A recent study in JAMA Health Forum showed that COVID-19 vaccination actually saved an estimated 2.5 million lives (2025;6[7]:e252223).

“Vaccines do not have to be 100% effective to be beneficial for public health. Additionally, they do not have to entirely prevent infection in order to be beneficial,” Dr. Marks explained. “In other words, a vaccine—even if you get the disease—could prevent you from dying of that disease, as we know the COVID-19 vaccines did because we have data on that.”

Dr. Offit noted that during the pandemic, people who were vaccinated were approximately 12 times less likely to be hospitalized or die than those who were unvaccinated (MMWR Morb Mortal Wkly Rep 2022;71[4]:132-138).

Mr. Kennedy’s use of the term “antigenic shift” in the X post claimed that the mRNA vaccines can lead to the mutations of SARS-CoV-2 seen during the pandemic. However, SARS-CoV-2 was evolving rapidly before any vaccine was developed, Dr. Offit noted. “We had the original Wuhan 1 strain that became the so-called D614G variant, which became the alpha variant, which became the delta variant, before we ever had widespread vaccination. This virus is perfectly capable of mutating on its own, without the pressure of antibodies induced by vaccination. And even as the virus mutated, the vaccine continued to work.”

Antigenic shift also does not occur in a virus like SARS-CoV-2, Dr. Offit explained. “Antigenic shift is a term that really is reserved for influenza because it requires a major reassortment event. It’s unique to segmented viruses. The SARS-CoV-2 virus does not have antigenic shift; it only has antigenic drift, if you will, and even that is too strong of a term. It does mutate, but not in that way.”

Dr. Offit compared the SARS-CoV-2 virus to measles, another single-stranded RNA virus. “We’ve had that vaccine since 1963, and it’s really never mutated away from antibody recognition,” he said. “Kennedy is wrong when he says that there’s any evidence that the vaccine became ineffective because it was inducing an immune response that was causing the virus to mutate. There is literally no evidence that this virus mutated away from antibodies induced by vaccination.”

The funding cuts rob scientific researchers and public health officials of one of the most valuable and rapidly responsive tools available to address future pandemics, Dr. Offit said. “Way back in 2002-2003, when SARS-CoV-1 raised its head in China, people like Barney Graham, who was then at the National Institutes of Health, started developing an mRNA vaccine against it. That virus never really emerged in this country, but their work generated a lot of information on how to make an mRNA vaccine against a coronavirus. So when SARS-CoV-2 came to the U.S., they were ready. And that’s what BARDA does. All of that now stops. There may never be an H5N1 bird flu pandemic in the U.S., for example, but now we will be less prepared if there is one.”
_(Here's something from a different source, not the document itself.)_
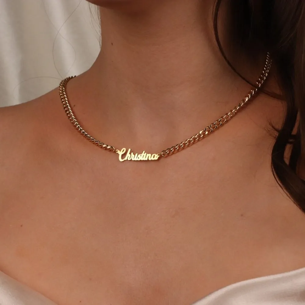Ожерелье с именем на заказ, кубинская цепочка из нержавеющей стали ...

Dr. Marks warned that the United States is ceding its leadership in this field to other nations. “Unfortunately, if we don’t want to believe in thhe value of mRNA technology, those outside of the United States will take advantage of the truth and make sure that they use this technology to protect themselves. And we will be at a strategic disadvantage because of our unwillingness to accept scientific fact.”

—Marie Rosenthal, MS, contributed to this story.

The sources reported no relevant financial disclosures.